FDA Approves Agamree (vamorolone) for the Treatment of Duchenne Muscular Dystrophy
Catalyst Pharmaceuticals, Inc. has reported that Santhera Pharmaceuticals has obtained U.S. Food and Drug Administration (“FDA”) approval for Agamree® (vamorolone) oral suspension 40 mg/mL for use in treating Duchenne Muscular Dystrophy (DMD) in patients aged two years and older.
Agamree offers a novel corticosteroid treatment option for DMD, addressing a significant unmet medical need.
Agamree was granted Orphan Drug and Rare Pediatric Disease designations status for DMD in the U.S. and will be eligible for seven years of orphan drug exclusivity upon approval date and has issued pending patents that could provide protection until 2040.
In July 2023, Catalyst secured the exclusive North American license and commercial rights for Agamree from Santhera for DMD and other potential indications, bolstering its neuroscience commercial portfolio with a highly synergistic neuromuscular asset.

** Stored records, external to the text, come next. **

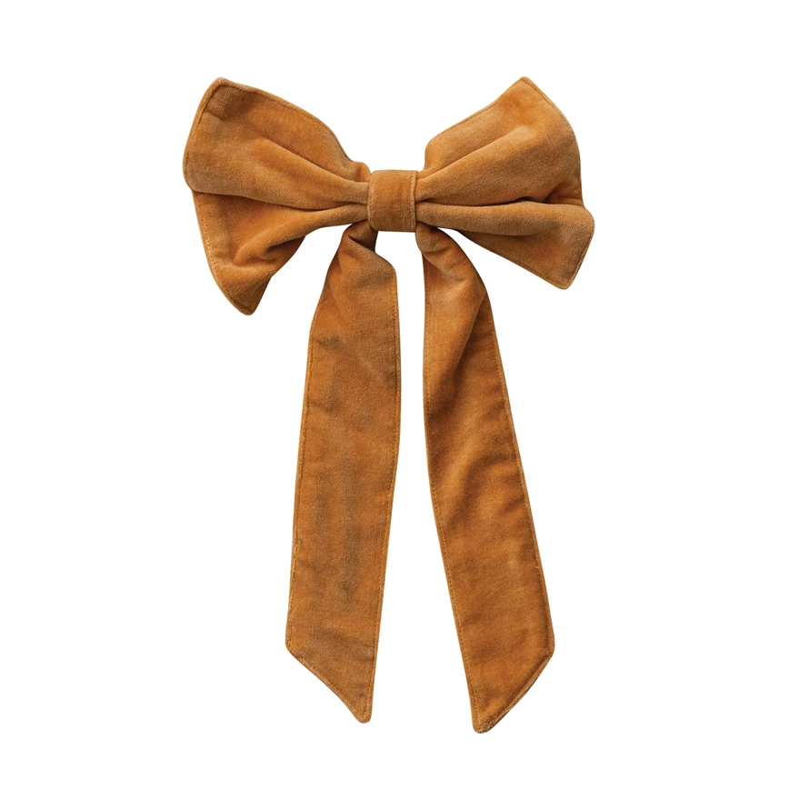 Catalog Name: 8"W x 13"H Cotton Velvet Clip-on Bow, Mustard Color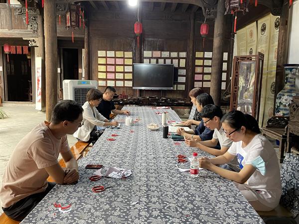 金华市剪纸博物馆是由高级工艺美术师、浙江省级工艺美术大师、省级非遗“金华剪纸”传承人詹东明创办。自2011年成立以来,一直坚持免费向公众开放,积极履行社会责任,以展示、宣传、研究、保护与传承剪纸非遗为立馆宗旨。馆藏有詹东明先生的3500多件作品,以其体量之大、题材之广泛而著称。在交流过程中,馆方向我们介绍了民间非遗传承之路的真实现状,也讲述了目前非遗传承所面临的人才匮乏、支撑不强等发展困境,双方也就未来的学生实践、展览交流等事项达成了初步合作意向。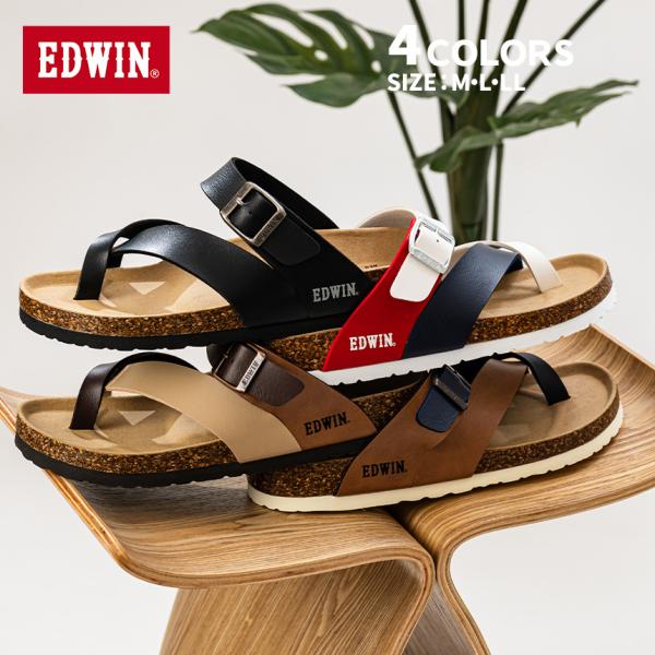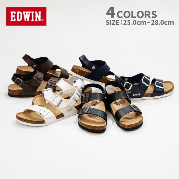 エドウィン EDWIN サンダル メンズ EB1002 ストラップサンダル ダブルストラップ コルクサンダル ブラック ホワイト ネイビー 天然コルク 父の日 ギフト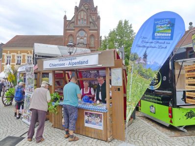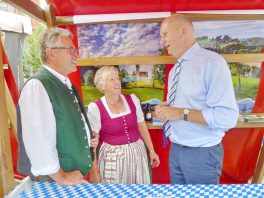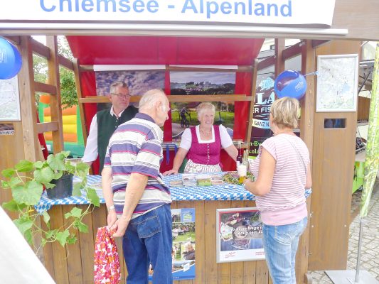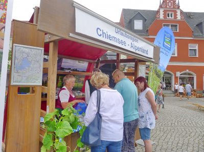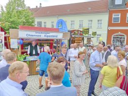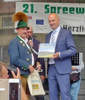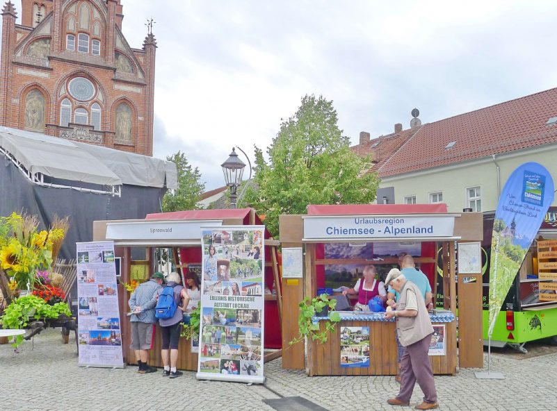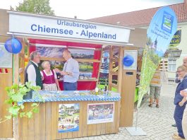 „Wenn man es will, dann war der Berliner Mauerfall vor 30 Jahren der Startschuss für eine außergewöhnliche deutsch-deutsche Tourismus-Partnerschaft“ – mit diesen Worten würdigte zu Beginn des 21. Spreewälder Gurkentages Ministerpräsident Dr. Dietmar Woidke die lange und freundschaftliche Kooperation zwischen den beiden deutschen Premium-Destinationen Spreewald im Osten der Bundesrepublik und Chiemsee in Oberbayern. Wie schon in den bisherigen drei Jahrzehnten wurde auch beim heurigen Spreewälder Gurkentag das gemeinsame Auftreten sicht- und hörbar. Auf Einladung des Spreewaldvereins, der sich der Vermarktung der Spreewälder Gurken und weiterer Produkte verschrieben hat, bekam der Tourismusverband Chiemsee-Alpenland einen Werbestand direkt neben der Hauptbühne des zweitägigen Marktes mit rund 10.000 Besuchern. Besetzt war der Informationsstand von Schorsch und Renate Sachsenhammer vom Jesingerhof in der Gemeinde Amerang. Sie informierten unter anderem über Urlaub auf dem Bauernhof von der Anbietergemeinschaft Chiemsee-Wendelstein, über die Hochtalregion Samerberg sowie über Radeln und Ausflugsziele in der Chiemsee-Alpenland-Region. „Das Rosenheimer Land ist bei uns aufgrund der steten Präsenz und auch wegen der Rosenheim-Cops bestens bekannt“ – so Andreas Traube vom Spreewaldverein. Traube will zusammen mit weiteren Verantwortlichen aus Spreewälder Kommunen und aus den Tourismusstellen des Spreewaldes noch in diesem Jahr einen offiziellen Besuch beim Rosenheimer Bauernherbst vorbereiten. Ein weiteres Zusammentreffen der Chiemseer und Brandenburger ist dann im Januar 2020 bei der nächsten Grünen Woche in Berlin vorgesehen. Dort sollen Bühnenauftritte in der Bayern- und in der Brandenburghalle weitere Bausteine einer starken Partnerschaft werden. Mit dabei sein wird bei den kommenden Begegnungen auch das neue Spreewälder Gurkenpaar Jessica I. und Daniel I. Als musikalische Botschafter Bayerns spielte an beiden Gurkentagen die Chiemgauer Biergartenmusi unter der Leitung von Rudi Piezinger aus Rosenheim.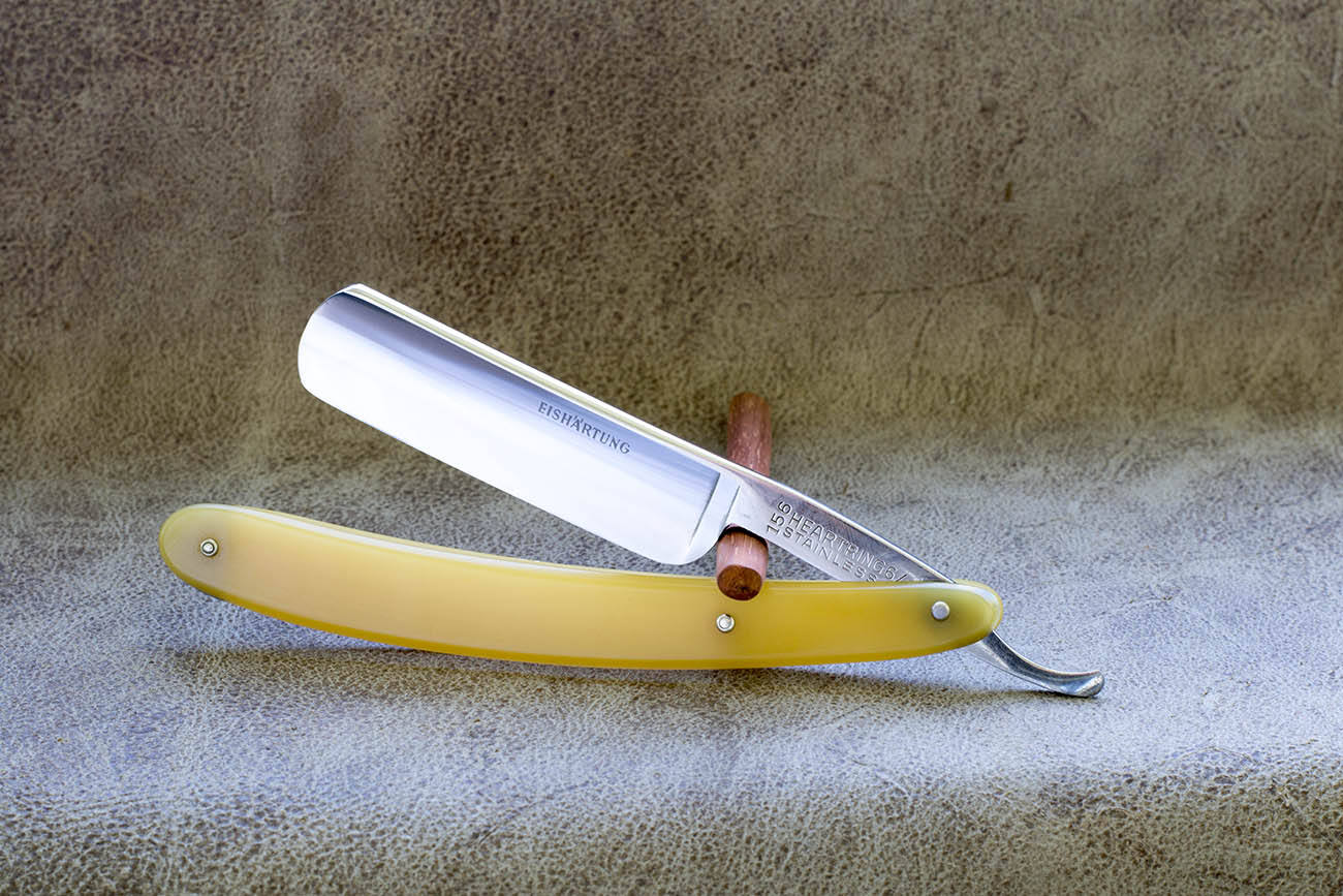 Среднеразмерный шведский клин от известного производителя J.A. Hellberg. Бритва без каких либо следов использования, точилась мной впервые, проведена полировка с разборкой. Рукоять из целлулоида Период производства - конец 19 - начало 20 века. Ширина 5/8, идеальная геометрия. Ввиду того что скопил некоторое количество старых шведских клинов - цена продажи изначально невысокая. Тем не менее считаю подобные бритвы очень качественными и очень удобными. Продано Хеллберг Show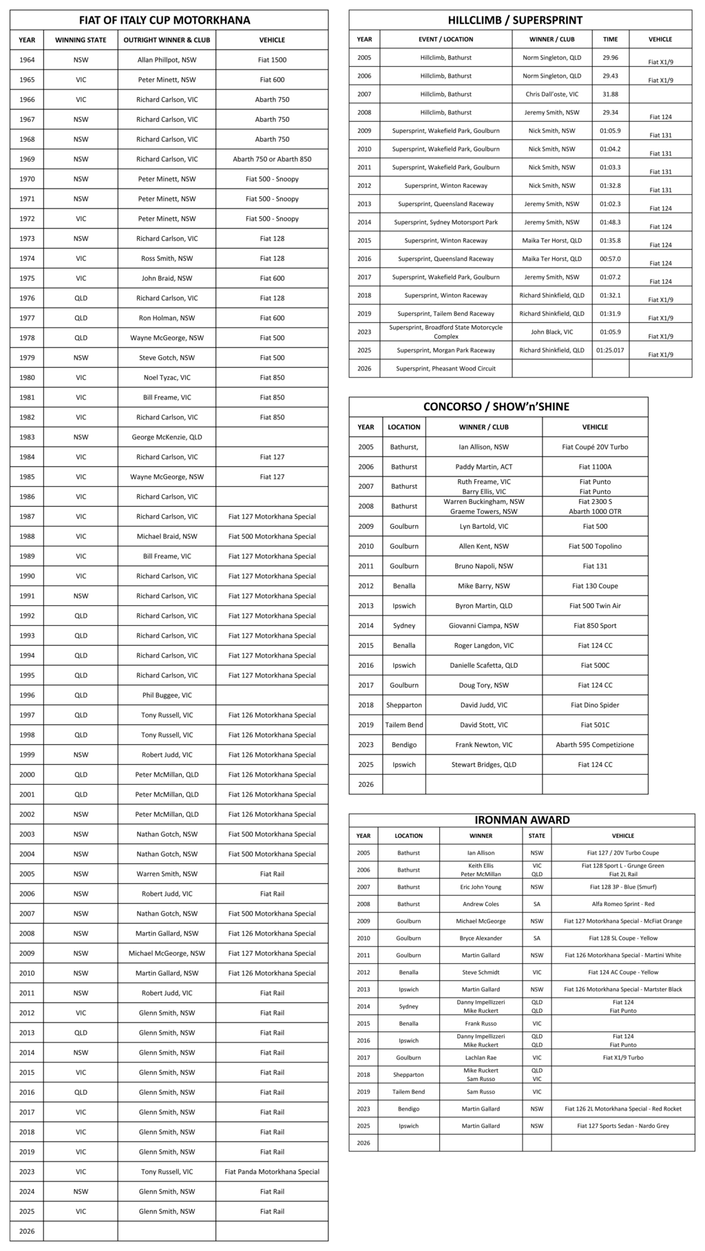 Not sure about something, don’t hesitate to reach out to fiatnationals@yahoo.com.au for clarification before submitting your entry form.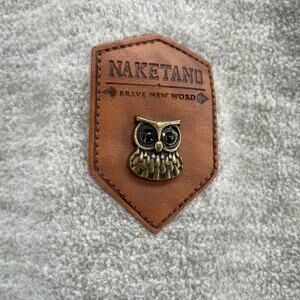 The exterior is a luxuriously soft and fluffy fleece material with an double corded tall collar blending into a cozy hood. The fun faux leather badges and trim details you’ve come to expect from Naketano are found throughout the piece as well, including the owl on the shoulder with both gem eyes still intact. So wicked cool.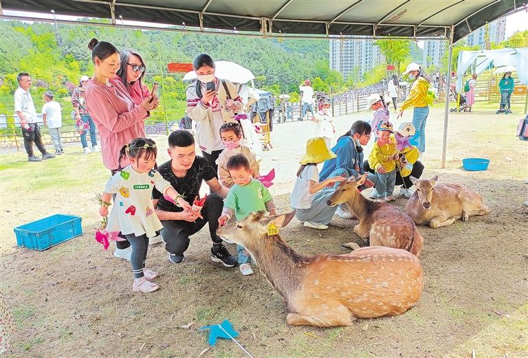 图为4月29日,游客在景区体验与梅花鹿“亲密接触”。

As part of that transaction, Santhera will promptly transfer the approved New Drug Application for Agamree to Catalyst. The company plans to launch the product in Q1 2024.
Agamree’s unique mode of action is based on differential effects on glucocorticoid and mineralocorticoid receptors and modifying further downstream activity and, as such, is considered a novel corticosteroid with dissociative properties in maintaining efficacy, with a better-tolerated side effect profile. This mechanism of action may allow vamorolone to emerge as an effective alternative to the current standard of care corticosteroids in children, adolescents, and adult patients with DMD.